No import happens but the following traceback appears in the Error log of the site:

Traceback (innermost last):
  Module ZPublisher.Publish, line 115, in publish
  Module ZPublisher.mapply, line 88, in mapply
  Module ZPublisher.Publish, line 41, in call_object
  Module Products.CMFFormController.FSControllerPageTemplate, line 96, in __call__
  Module Products.CMFFormController.BaseControllerPageTemplate, line 39, in _call
  Module Products.CMFFormController.ControllerBase, line 243, in getNext
  Module Products.CMFFormController.Actions.TraverseTo, line 36, in __call__
  Module ZPublisher.mapply, line 88, in mapply
  Module ZPublisher.Publish, line 41, in call_object
  Module Products.CMFFormController.FSControllerPythonScript, line 107, in __call__
  Module Products.CMFFormController.Script, line 141, in __call__
  Module Products.CMFCore.FSPythonScript, line 108, in __call__
  Module Shared.DC.Scripts.Bindings, line 311, in __call__
  Module Shared.DC.Scripts.Bindings, line 348, in _bindAndExec
  Module Products.CMFCore.FSPythonScript, line 164, in _exec
  Module None, line 65, in bibliography_import
   - <FSControllerPythonScript at /sfiles/bibliography_import used for /sfiles/mycoplasma/myco_bibliography>
   - Line 65
AttributeError: 'str' object has no attribute 'get'
Steps to reproduce:
1) select an article from Pubmed, choose Medline view
2) Cut&Paste Medline view into import tab of bibliography folder
3) Select 'Medline' format and 'import'
Added byunsetonSep 27, 2007 02:46 PM
I had a deeper look at this issue and it turns out that Pubmed has indeed changed the medline formate:
The medline parser in CMFBibliography expects records to start like this 'PMID-' or this 'AU -'. Instead, in the current version, medline uses tabs to separate the '-'. I've adapted tool/parsers/medline.py to be more permissive. I created a patch for the file medline.py. Paste the following lines into a new file medline.py.patch and apply it with 'patch -p0 < medline.py.patch'!

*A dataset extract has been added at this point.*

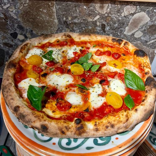 Ingredienti: Salsa di pomodoro, bufala,datterino giallo, pomodoro a bruschetta, basilico, olio d'aglio, pepe nero, origano

--- __medline.py 2005-06-01 13:40:06.000000000 +0200
+++ medline.py 2007-09-27 16:32:26.000000000 +0200
@@ -17,6 +17,10 @@

 import re

+def extractKey(rawkey):
+ """adapt to new Pubmed format"""
+ return rawkey.split('-')[0].strip()
+

 class MedlineParser(BibliographyParser):
     """
@@ -34,7 +38,7 @@
                  id = 'medline',
                  title = "Medline parser",
                  delimiter = '\n\n',
- pattern = r'(^.{0,4}- )',
+ pattern = r'(^.{0,5}- )',
                  flag = re.M):
         """
         initializes including the regular expression patterns
@@ -54,11 +58,12 @@
         # vanilla test for 'PMID- ' in the sub-string 'source[0, 100]'
         ## rr: can definitively be improved

- if source.find('PMID- ', 0, 1000) > -1:
+ if source.find('PMID', 0, 1000) > -1:
             return 1
         else:
             return 0

+
     def parseEntry(self, entry):
         """
         parses a single entry
@@ -71,7 +76,7 @@
         tokens = self.pattern.split(entry)

         checkAU = 0
- if 'FAU - ' not in tokens:
+ if 'FAU\t-' not in tokens:
             checkAU = 1

         nested = []
@@ -81,24 +86,25 @@
         # some defaults
         result['note'] = 'automatic medline import'

- for key, value in nested:
- if key == 'PT - ' and value.find('Journal Article')> -1:
+ for k, value in nested:
+ key = extractKey(k)
+ if key == 'PT' and value.find('Journal Article')> -1:
                 result['publication_type'] = 'ArticleReference'
- elif key == 'TI - ':
+ elif key == 'TI':
                 title = value.replace('\n', ' ').replace(' ', '').strip()
                 result['title'] = title
- elif key == 'AB - ':
+ elif key == 'AB':
                 tmp = value.replace('\n', ' ').replace(' ', '')
                 result['abstract'] = tmp.replace(' ', '').replace(' ', '')
- elif key == 'PMID- ': result['pmid'] = str(value).strip()
- elif key == 'TA - ': result['journal'] = str(value).strip()
- elif key == 'VI - ': result['volume'] = str(value).strip()
- elif key == 'IP - ': result['number'] = str(value).strip()
- elif key == 'PG - ': result['pages'] = str(value).strip()
- elif key == 'DP - ':
+ elif key == 'PMID': result['pmid'] = str(value).strip()
+ elif key == 'TA': result['journal'] = str(value).strip()
+ elif key == 'VI': result['volume'] = str(value).strip()
+ elif key == 'IP': result['number'] = str(value).strip()
+ elif key == 'PG': result['pages'] = str(value).strip()
+ elif key == 'DP':
                 result['publication_year'] = value[:4]
                 result['publication_month'] = value[5:].replace('\n','').replace('\r','')
- elif key == 'FAU - ':
+ elif key == 'FAU':
                 raw = value.replace('\n', '').split(', ')
                 lname = raw[0]
                 fnames = raw[1].split(' ',1)
@@ -113,7 +119,7 @@
                          }
                 result.setdefault('authors',[]).append(adict)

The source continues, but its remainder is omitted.